## EXERCISE PROMPT
When you reach the line below that has "317-405-35 850円 内外十草4.5お好み丼 (13×8) 531740535", start returning lines exactly, and stop after the line that has "Fysisk aktivitet og rørsleglede"; skip the pictures.

[Dataset excerpts]
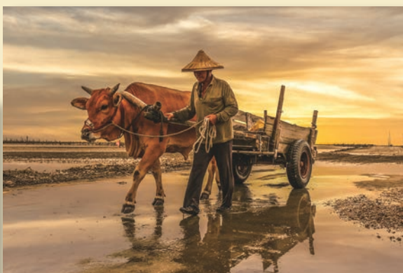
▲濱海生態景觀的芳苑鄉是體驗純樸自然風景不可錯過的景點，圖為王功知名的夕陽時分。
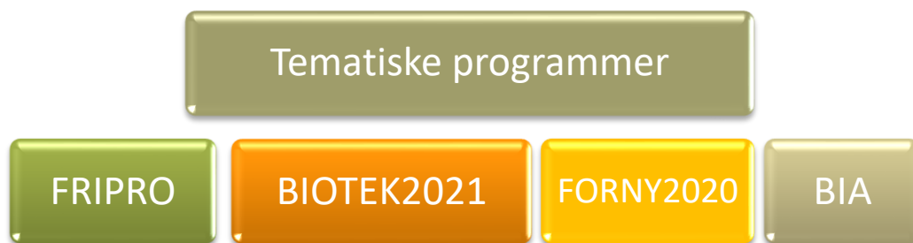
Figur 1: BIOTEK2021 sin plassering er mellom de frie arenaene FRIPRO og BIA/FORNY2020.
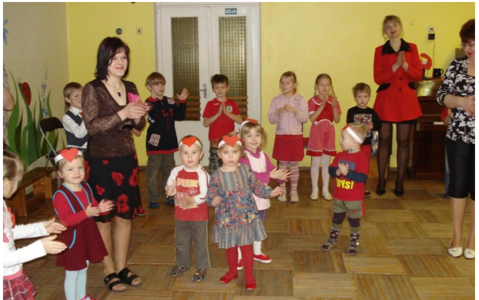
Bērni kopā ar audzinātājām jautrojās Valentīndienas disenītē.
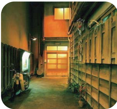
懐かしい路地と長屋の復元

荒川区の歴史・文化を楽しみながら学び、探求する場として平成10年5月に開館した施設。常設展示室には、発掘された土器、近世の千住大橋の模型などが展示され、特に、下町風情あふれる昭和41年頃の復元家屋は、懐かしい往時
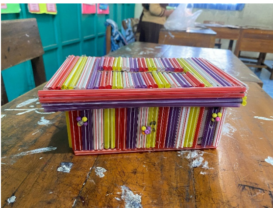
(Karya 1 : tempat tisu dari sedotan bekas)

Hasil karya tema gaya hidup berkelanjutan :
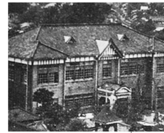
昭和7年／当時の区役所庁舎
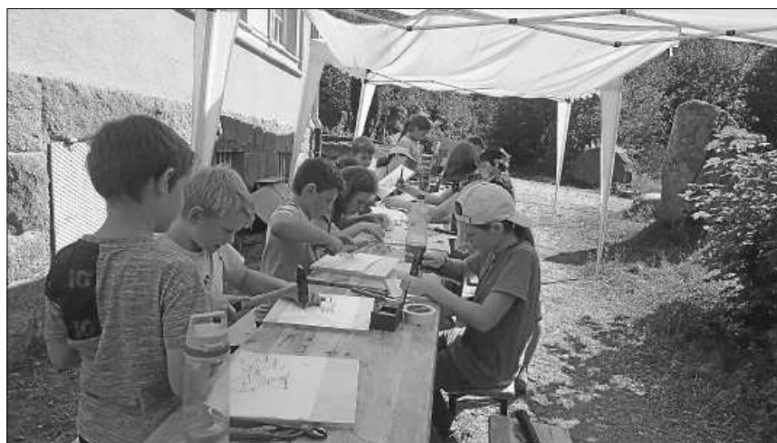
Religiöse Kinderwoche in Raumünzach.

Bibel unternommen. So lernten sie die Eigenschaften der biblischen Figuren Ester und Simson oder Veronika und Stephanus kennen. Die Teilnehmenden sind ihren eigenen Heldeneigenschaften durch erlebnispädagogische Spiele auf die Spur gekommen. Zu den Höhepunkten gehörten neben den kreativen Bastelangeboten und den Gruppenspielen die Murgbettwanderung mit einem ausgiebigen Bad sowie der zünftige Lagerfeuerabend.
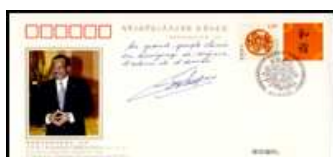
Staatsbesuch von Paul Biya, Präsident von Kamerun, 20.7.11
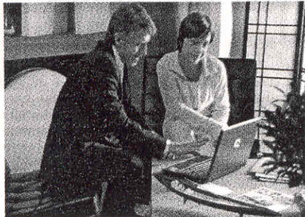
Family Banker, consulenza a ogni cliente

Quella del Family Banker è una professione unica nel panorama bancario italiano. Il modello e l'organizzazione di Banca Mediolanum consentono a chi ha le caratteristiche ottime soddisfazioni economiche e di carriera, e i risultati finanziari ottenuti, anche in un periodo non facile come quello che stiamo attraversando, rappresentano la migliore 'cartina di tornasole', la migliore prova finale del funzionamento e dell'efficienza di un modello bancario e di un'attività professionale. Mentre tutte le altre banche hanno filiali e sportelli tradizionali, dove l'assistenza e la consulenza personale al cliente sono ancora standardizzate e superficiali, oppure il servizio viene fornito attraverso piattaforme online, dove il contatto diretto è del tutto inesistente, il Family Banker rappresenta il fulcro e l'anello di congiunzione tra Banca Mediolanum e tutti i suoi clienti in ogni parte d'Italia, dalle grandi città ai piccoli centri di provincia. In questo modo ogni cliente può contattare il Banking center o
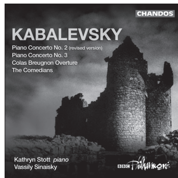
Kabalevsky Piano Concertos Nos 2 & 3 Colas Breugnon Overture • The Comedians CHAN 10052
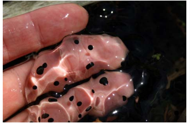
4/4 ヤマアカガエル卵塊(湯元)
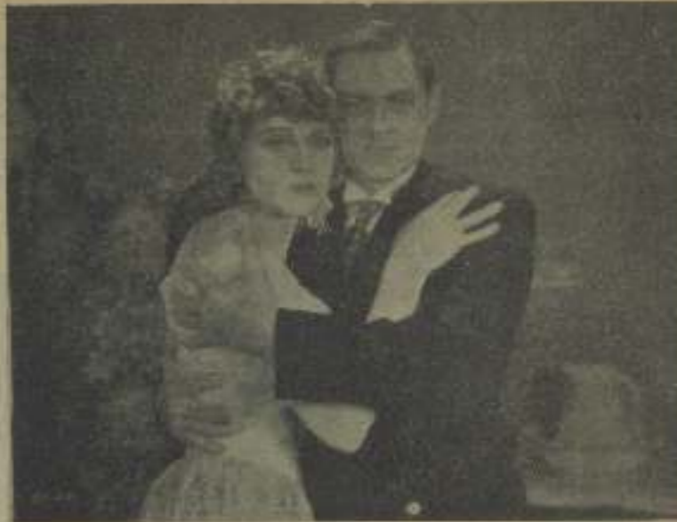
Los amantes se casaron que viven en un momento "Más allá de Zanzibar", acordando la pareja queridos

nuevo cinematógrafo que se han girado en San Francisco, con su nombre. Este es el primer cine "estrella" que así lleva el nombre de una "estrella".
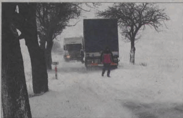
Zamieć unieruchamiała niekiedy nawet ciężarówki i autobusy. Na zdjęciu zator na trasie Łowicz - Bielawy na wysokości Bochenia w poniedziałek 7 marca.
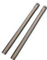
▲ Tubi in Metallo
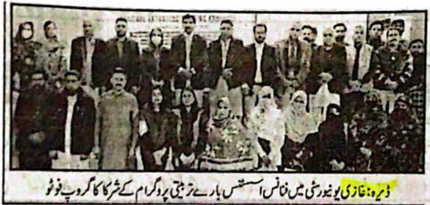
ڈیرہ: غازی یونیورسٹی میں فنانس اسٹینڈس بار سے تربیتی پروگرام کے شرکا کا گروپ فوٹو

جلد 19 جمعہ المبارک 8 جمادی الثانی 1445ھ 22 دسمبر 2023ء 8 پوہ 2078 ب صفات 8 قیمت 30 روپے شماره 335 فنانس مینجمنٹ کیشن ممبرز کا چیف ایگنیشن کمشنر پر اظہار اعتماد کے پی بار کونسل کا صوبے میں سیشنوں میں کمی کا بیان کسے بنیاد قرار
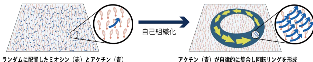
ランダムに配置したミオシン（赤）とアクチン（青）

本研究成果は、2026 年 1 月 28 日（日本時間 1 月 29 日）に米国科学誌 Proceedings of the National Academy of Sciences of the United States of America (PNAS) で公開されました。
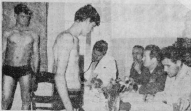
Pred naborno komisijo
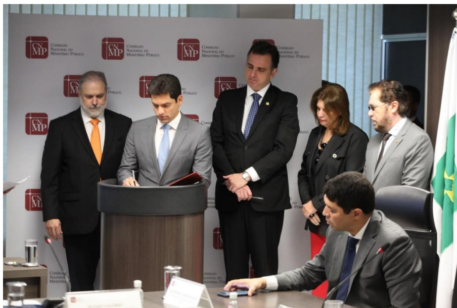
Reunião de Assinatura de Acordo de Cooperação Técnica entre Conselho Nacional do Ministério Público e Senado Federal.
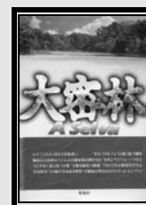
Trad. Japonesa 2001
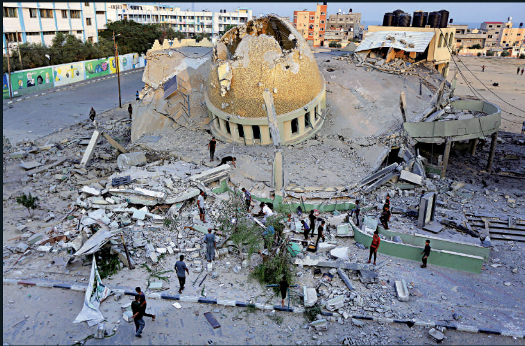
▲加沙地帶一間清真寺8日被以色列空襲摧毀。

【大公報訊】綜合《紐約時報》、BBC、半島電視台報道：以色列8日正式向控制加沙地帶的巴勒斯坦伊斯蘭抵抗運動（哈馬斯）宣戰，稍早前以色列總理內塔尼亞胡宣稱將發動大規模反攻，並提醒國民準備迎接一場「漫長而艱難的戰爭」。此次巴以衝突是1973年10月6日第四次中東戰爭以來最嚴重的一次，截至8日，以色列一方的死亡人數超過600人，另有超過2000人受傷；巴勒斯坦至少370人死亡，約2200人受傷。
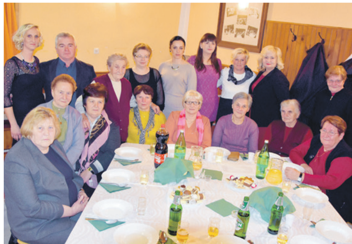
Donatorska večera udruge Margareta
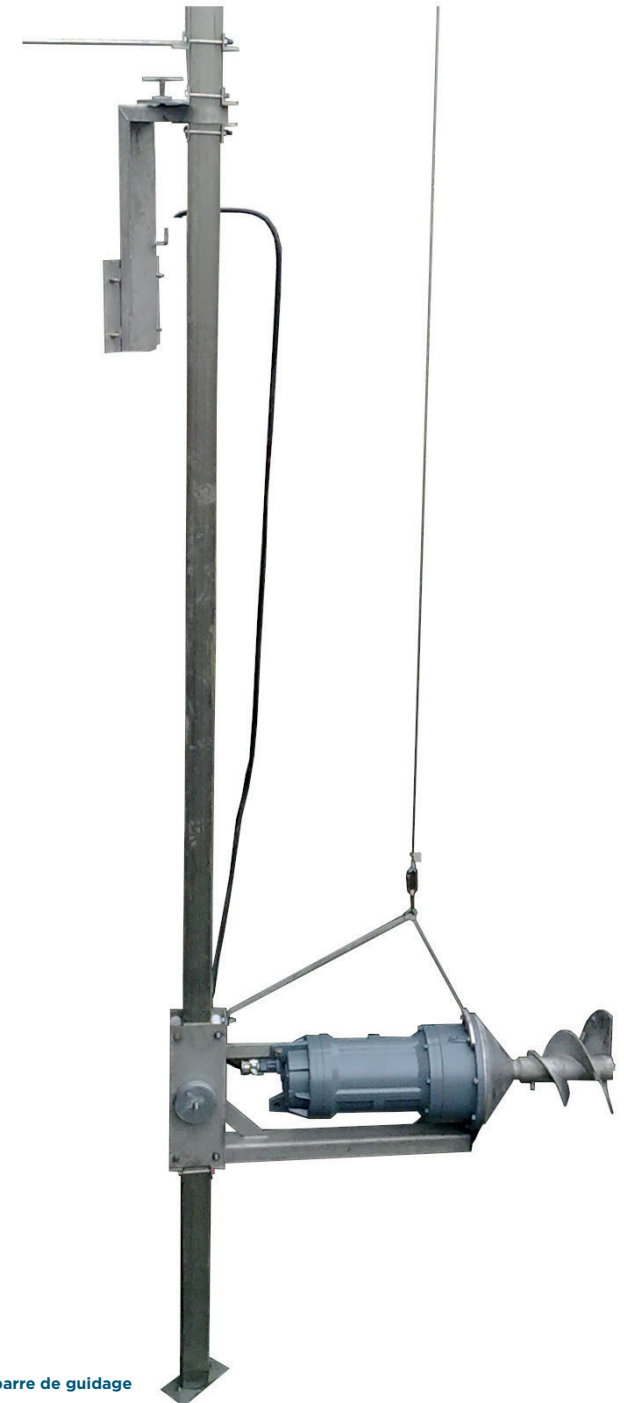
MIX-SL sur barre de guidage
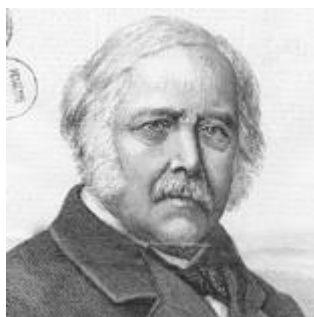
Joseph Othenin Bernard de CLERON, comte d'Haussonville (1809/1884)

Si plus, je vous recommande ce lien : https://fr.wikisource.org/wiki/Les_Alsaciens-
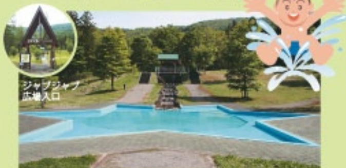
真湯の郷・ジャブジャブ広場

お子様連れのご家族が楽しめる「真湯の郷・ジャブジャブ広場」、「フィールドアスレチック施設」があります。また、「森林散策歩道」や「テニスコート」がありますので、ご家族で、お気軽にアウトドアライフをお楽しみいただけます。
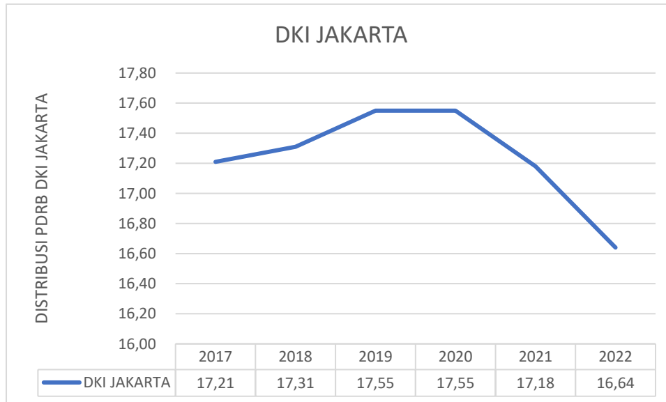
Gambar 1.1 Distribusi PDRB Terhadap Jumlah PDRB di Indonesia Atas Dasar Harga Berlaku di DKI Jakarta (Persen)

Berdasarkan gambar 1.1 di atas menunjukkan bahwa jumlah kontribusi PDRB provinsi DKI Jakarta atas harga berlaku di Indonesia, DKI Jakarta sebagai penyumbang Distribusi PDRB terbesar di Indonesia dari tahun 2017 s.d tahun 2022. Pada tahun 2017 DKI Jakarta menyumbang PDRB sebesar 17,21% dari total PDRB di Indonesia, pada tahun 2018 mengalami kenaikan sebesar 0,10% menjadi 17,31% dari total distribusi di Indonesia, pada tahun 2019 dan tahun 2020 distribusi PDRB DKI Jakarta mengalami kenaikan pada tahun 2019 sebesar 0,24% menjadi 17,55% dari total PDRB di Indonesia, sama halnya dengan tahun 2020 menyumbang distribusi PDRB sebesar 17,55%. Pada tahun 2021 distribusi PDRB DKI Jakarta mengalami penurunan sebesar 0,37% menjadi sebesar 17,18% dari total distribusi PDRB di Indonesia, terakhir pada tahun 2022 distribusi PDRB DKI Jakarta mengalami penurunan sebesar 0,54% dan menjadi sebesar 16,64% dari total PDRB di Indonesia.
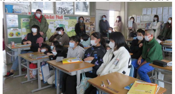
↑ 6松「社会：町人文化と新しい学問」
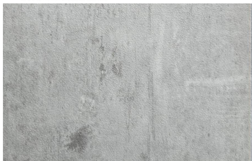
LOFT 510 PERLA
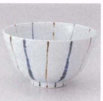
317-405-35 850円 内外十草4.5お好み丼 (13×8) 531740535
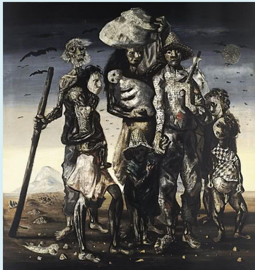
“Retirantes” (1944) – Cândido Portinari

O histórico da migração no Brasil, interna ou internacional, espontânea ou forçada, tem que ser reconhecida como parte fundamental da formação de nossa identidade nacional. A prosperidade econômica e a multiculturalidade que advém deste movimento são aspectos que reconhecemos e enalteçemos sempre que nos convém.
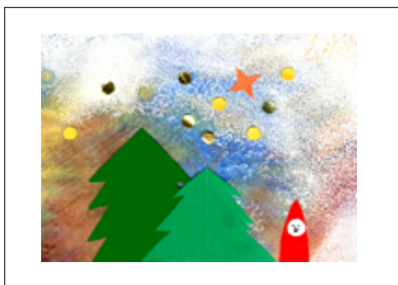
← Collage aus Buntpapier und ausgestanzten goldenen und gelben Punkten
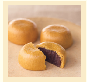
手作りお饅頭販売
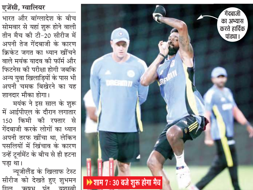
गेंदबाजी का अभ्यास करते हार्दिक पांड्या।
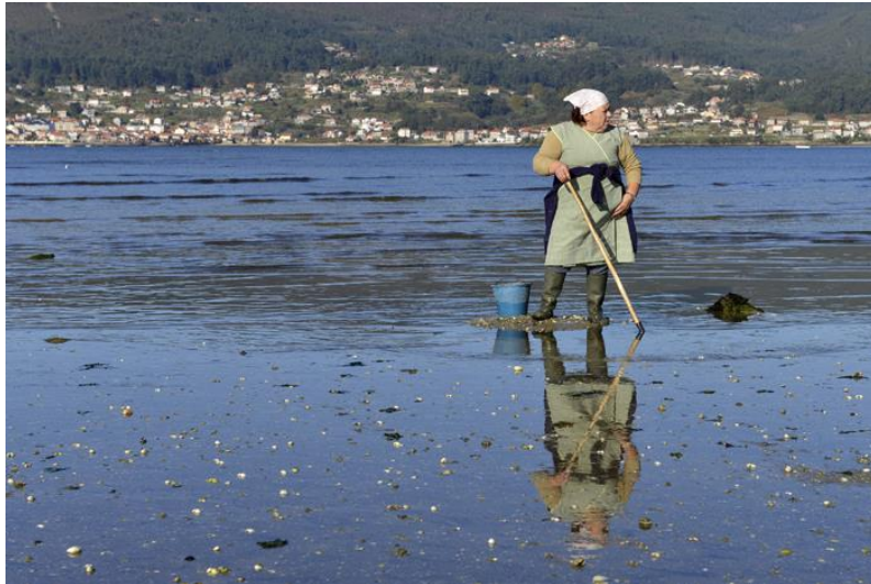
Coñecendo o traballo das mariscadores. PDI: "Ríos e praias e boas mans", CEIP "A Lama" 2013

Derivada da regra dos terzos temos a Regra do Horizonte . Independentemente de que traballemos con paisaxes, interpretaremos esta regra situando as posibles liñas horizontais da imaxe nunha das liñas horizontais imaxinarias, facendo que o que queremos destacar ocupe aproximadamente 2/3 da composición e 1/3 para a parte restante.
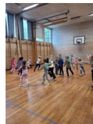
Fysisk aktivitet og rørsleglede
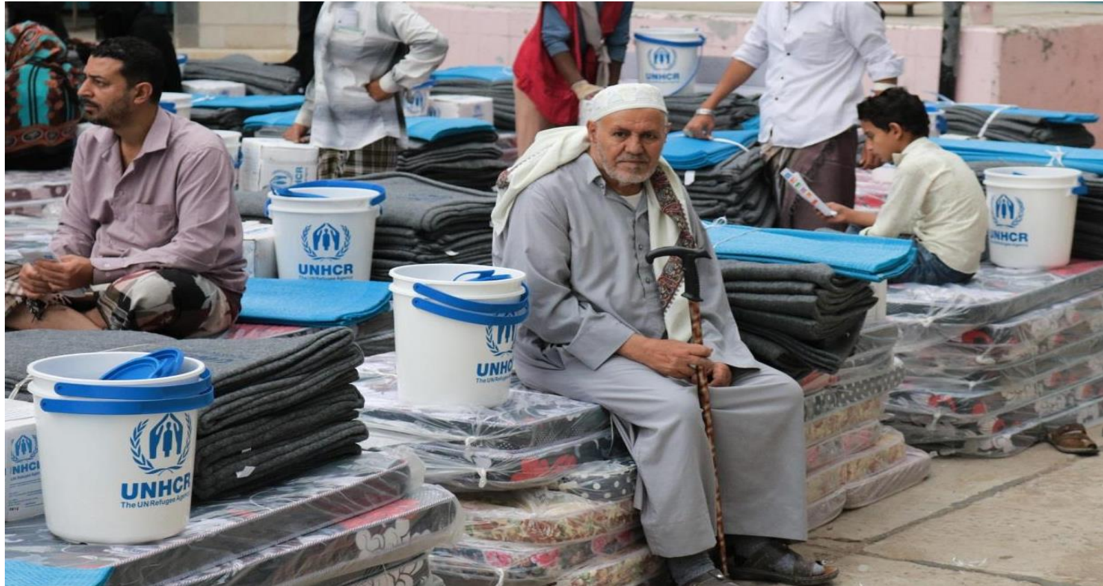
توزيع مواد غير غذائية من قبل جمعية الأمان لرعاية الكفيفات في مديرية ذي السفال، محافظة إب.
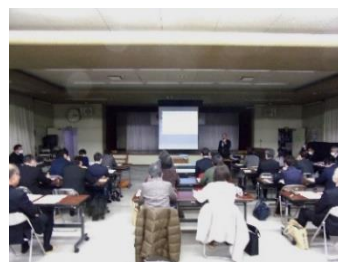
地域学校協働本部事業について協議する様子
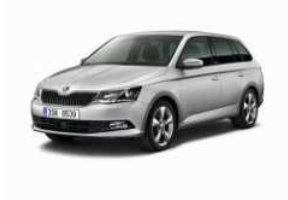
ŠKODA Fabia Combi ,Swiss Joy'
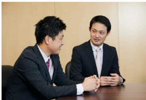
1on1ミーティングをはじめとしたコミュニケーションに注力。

## SOLUTION FOR THIS EXERCISE
317-405-35 850円 内外十草4.5お好み丼 (13×8) 531740535
“Retirantes” (1944) – Cândido Portinari

O histórico da migração no Brasil, interna ou internacional, espontânea ou forçada, tem que ser reconhecida como parte fundamental da formação de nossa identidade nacional. A prosperidade econômica e a multiculturalidade que advém deste movimento são aspectos que reconhecemos e enalteçemos sempre que nos convém.
← Collage aus Buntpapier und ausgestanzten goldenen und gelben Punkten
手作りお饅頭販売
गेंदबाजी का अभ्यास करते हार्दिक पांड्या।
Coñecendo o traballo das mariscadores. PDI: "Ríos e praias e boas mans", CEIP "A Lama" 2013

Derivada da regra dos terzos temos a Regra do Horizonte . Independentemente de que traballemos con paisaxes, interpretaremos esta regra situando as posibles liñas horizontais da imaxe nunha das liñas horizontais imaxinarias, facendo que o que queremos destacar ocupe aproximadamente 2/3 da composición e 1/3 para a parte restante.
Fysisk aktivitet og rørsleglede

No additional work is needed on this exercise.